Dataset excerpt START

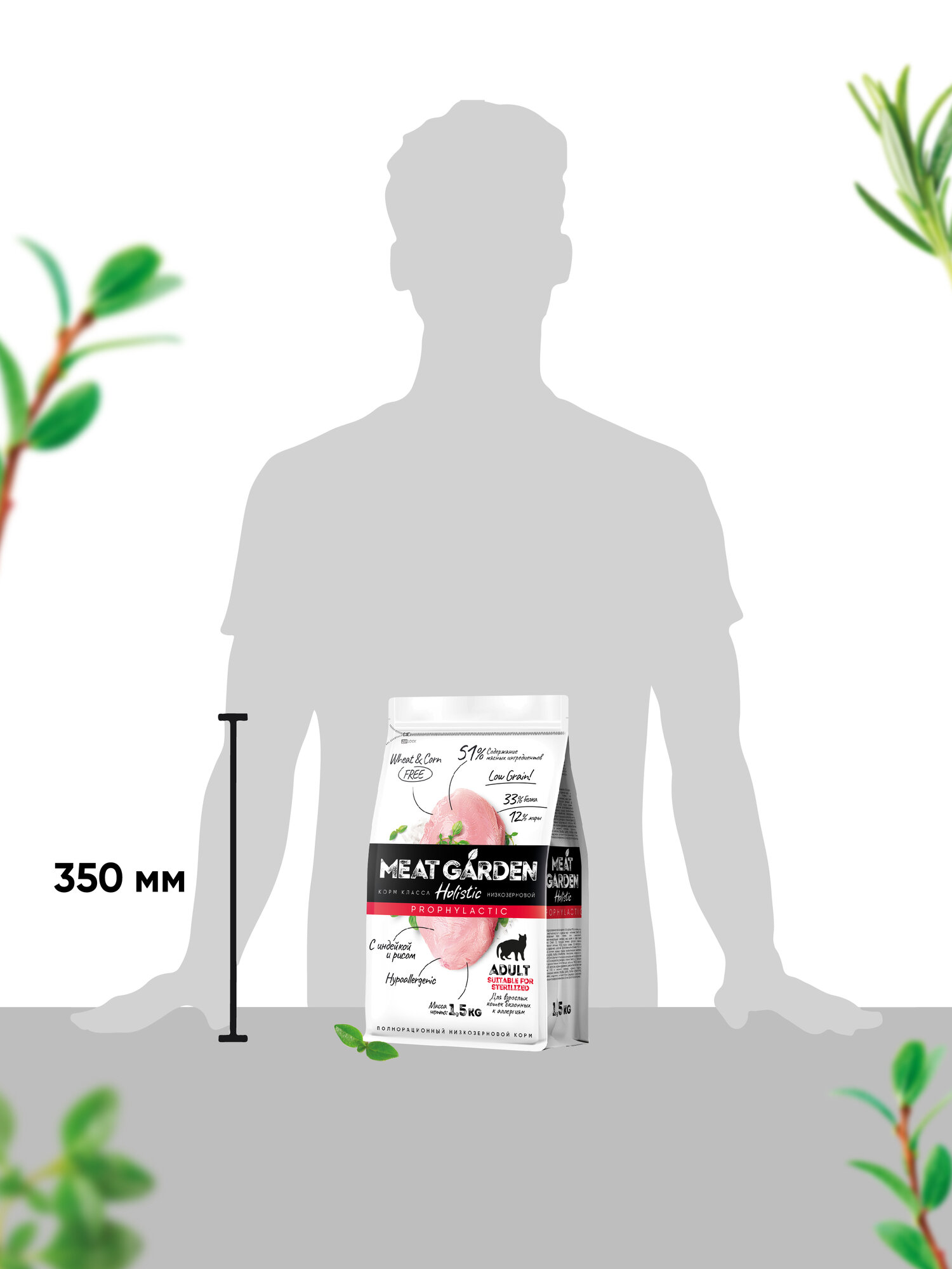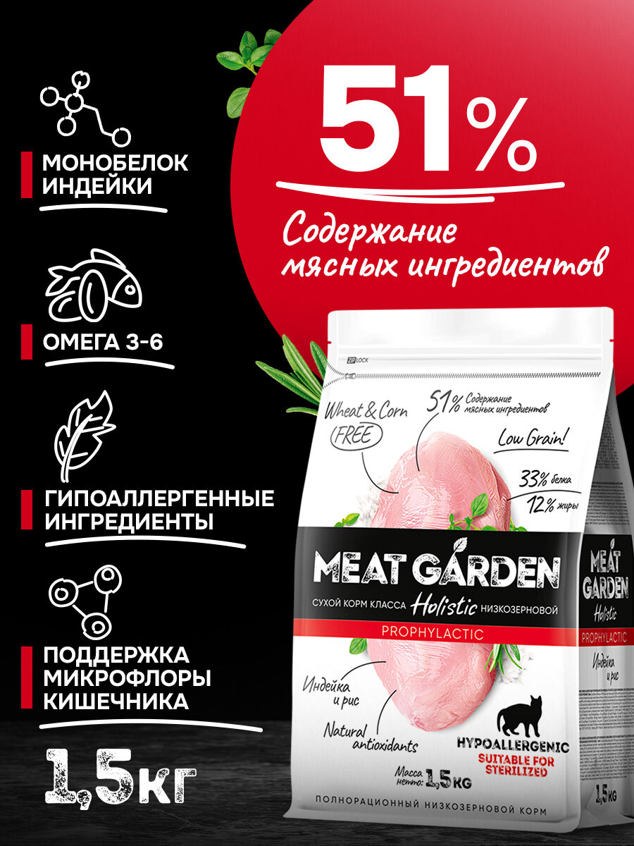 Сухой корм Meat Garden - для стерилизованных кошек, склонных к аллергии, Индейка с Рисом, 1.5кг, 1шт Вес: 1,5 кг.
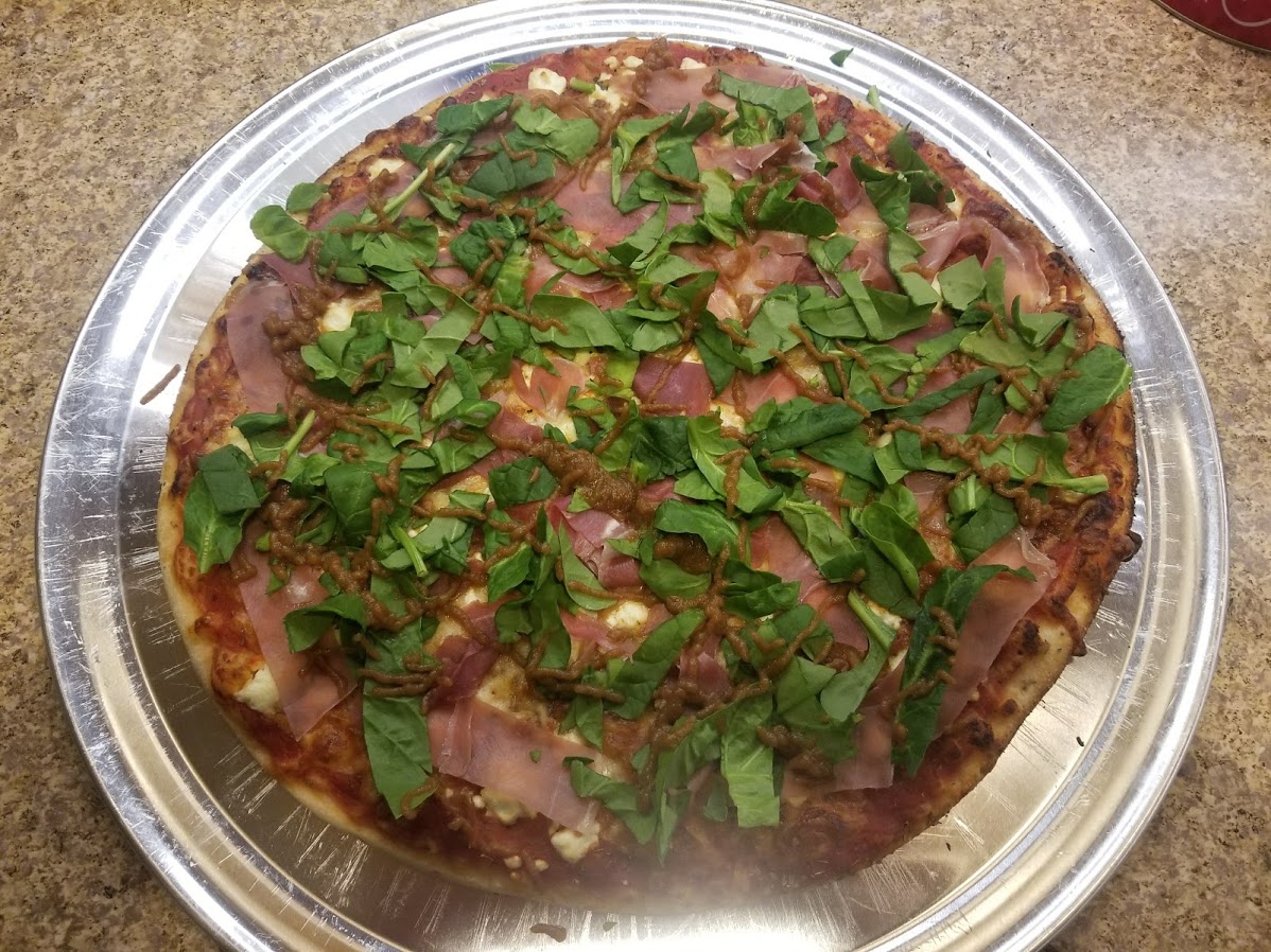@capnjb I made a red pizza with light mozzarella and goat cheese, baked it, and then topped it with prosciutto, spinach, and a fig glaze (3 dried figs in a blender with just enough water to liquefy it). Fig jam would have worked well if I had it.
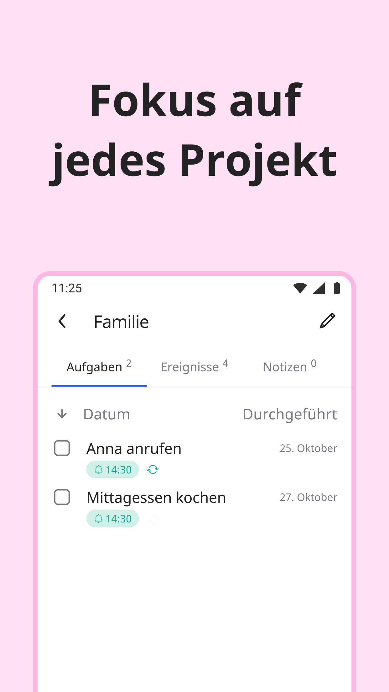 - Einfaches Anzeigen von Aufgaben, Ereignissen und Notizen, die mit einem bestimmten Projekt verbunden sind;

Dataset excerpt END

* _Activity_
Full transcription of the material, exact in every line, without images.

* _Answer section_
 Сухой корм Meat Garden - для стерилизованных кошек, склонных к аллергии, Индейка с Рисом, 1.5кг, 1шт Вес: 1,5 кг.
@capnjb I made a red pizza with light mozzarella and goat cheese, baked it, and then topped it with prosciutto, spinach, and a fig glaze (3 dried figs in a blender with just enough water to liquefy it). Fig jam would have worked well if I had it.
 - Einfaches Anzeigen von Aufgaben, Ereignissen und Notizen, die mit einem bestimmten Projekt verbunden sind;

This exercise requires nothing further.